This is the Analyzers, Tokenizers, and Filters metapy tutorial. First, you should read the following two MeTA tutorials:
- [MeTA System Overview](https://meta-toolkit.org/overview-tutorial.html). Everything on this page is relevant to metapy except for the *Unit tests* section (you can't run them in Python).
- [Analyzers, Tokenizers, and Filters](https://meta-toolkit.org/analyzers-filters-tutorial.html). Everything on this page is relevant except for the *Extending MeTA With Your Own Filters* section.

Let's get started!

First, let's create a document to play with.

In [1]:
import metapy
doc = metapy.index.Document()
doc.content("I said that I can't believe that it only costs $19.95!")

We can make our own filter chain and run it on the document's content. Let's start with a simple example of only using `ICUTokenizer`.

In [2]:
tok = metapy.analyzers.ICUTokenizer()
tok.set_content(doc.content())
[t for t in tok]

['<s>',
 'I',
 'said',
 'that',
 'I',
 "can't",
 'believe',
 'that',
 'it',
 'only',
 'costs',
 '$',
 '19.95',
 '!',
 '</s>']

See how the begin and end sentence markers (`<s>` and `</s>`) are inserted at the beginning and end of each sentence. We get an ordered list from using a tokenizer or filter.

Next, use `LowercaseFilter` to convert each token to lowercase. We use the previous `tok` (which is an `ICUTokenizer`) in the constructor to `LowercaseFilter`. This lets us connect an arbitrary amount of filters together with a tokenizer at the start.

In [3]:
tok = metapy.analyzers.ICUTokenizer()
tok = metapy.analyzers.LowercaseFilter(tok)
tok.set_content(doc.content())
[t for t in tok]

['<s>',
 'i',
 'said',
 'that',
 'i',
 "can't",
 'believe',
 'that',
 'it',
 'only',
 'costs',
 '$',
 '19.95',
 '!',
 '</s>']

Just like in MeTA, metapy's filter chain can be created from a config file. Create the following file called `config.toml`. It will perform the same tokenization and filtering as above (`ICUTokenizer -> LowercaseFilter`). Then, it will aggregate token counts together using an *n*-gram words analyzer.

```toml
[[analyzers]]
method = "ngram-word"
ngram = 1
filter = [{type = "icu-tokenizer"}, {type = "lowercase"}]
```

Now, you can load this config file to create a unigram words analyzer. This uses the specified tokenizer/filter chain and analyzer type to convert a document into a dictionary of features and their counts.

In [4]:
ana = metapy.analyzers.load('config.toml')
ana.analyze(doc)

{"can't": 1,
 'believe': 1,
 'that': 2,
 'i': 2,
 '</s>': 1,
 '19.95': 1,
 'only': 1,
 'said': 1,
 '!': 1,
 '<s>': 1,
 '$': 1,
 'costs': 1,
 'it': 1}

The tokens *i* and *that* are shown with two counts, while all the other tokens have 1 count. These features can then be passed to other parts of metapy, such as ranking functions or indexers.

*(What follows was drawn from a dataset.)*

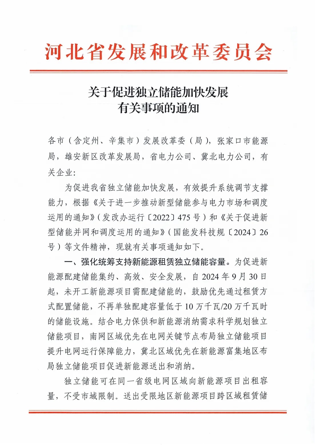 8月1日,河北省發(fā)改委發(fā)布《關(guān)于促進獨立儲能加快發(fā)展有關(guān)事項的通知》,通知提出:

We can also manually specify the analyzer instead of loading it from the config file:

In [5]:
ana = metapy.analyzers.NGramWordAnalyzer(1, tok)
ana.analyze(doc)

{"can't": 1,
 'believe': 1,
 'that': 2,
 'i': 2,
 '</s>': 1,
 '19.95': 1,
 'only': 1,
 'said': 1,
 '!': 1,
 '<s>': 1,
 '$': 1,
 'costs': 1,
 'it': 1}

In [6]:
ana = metapy.analyzers.NGramWordAnalyzer(3, tok)
ana.analyze(doc)

{('$', '19.95', '!'): 1,
 ('19.95', '!', '</s>'): 1,
 ('costs', '$', '19.95'): 1,
 ('it', 'only', 'costs'): 1,
 ("can't", 'believe', 'that'): 1,
 ('believe', 'that', 'it'): 1,
 ('i', "can't", 'believe'): 1,
 ('said', 'that', 'i'): 1,
 ('that', 'it', 'only'): 1,
 ('only', 'costs', '$'): 1,
 ('<s>', 'i', 'said'): 1,
 ('i', 'said', 'that'): 1,
 ('that', 'i', "can't"): 1}

Usually, metapy applications will create and call analyzers based on a config file, so you won't have to create your own manually. However, it may still be useful if you are performing your own analysis that is not part of MeTA.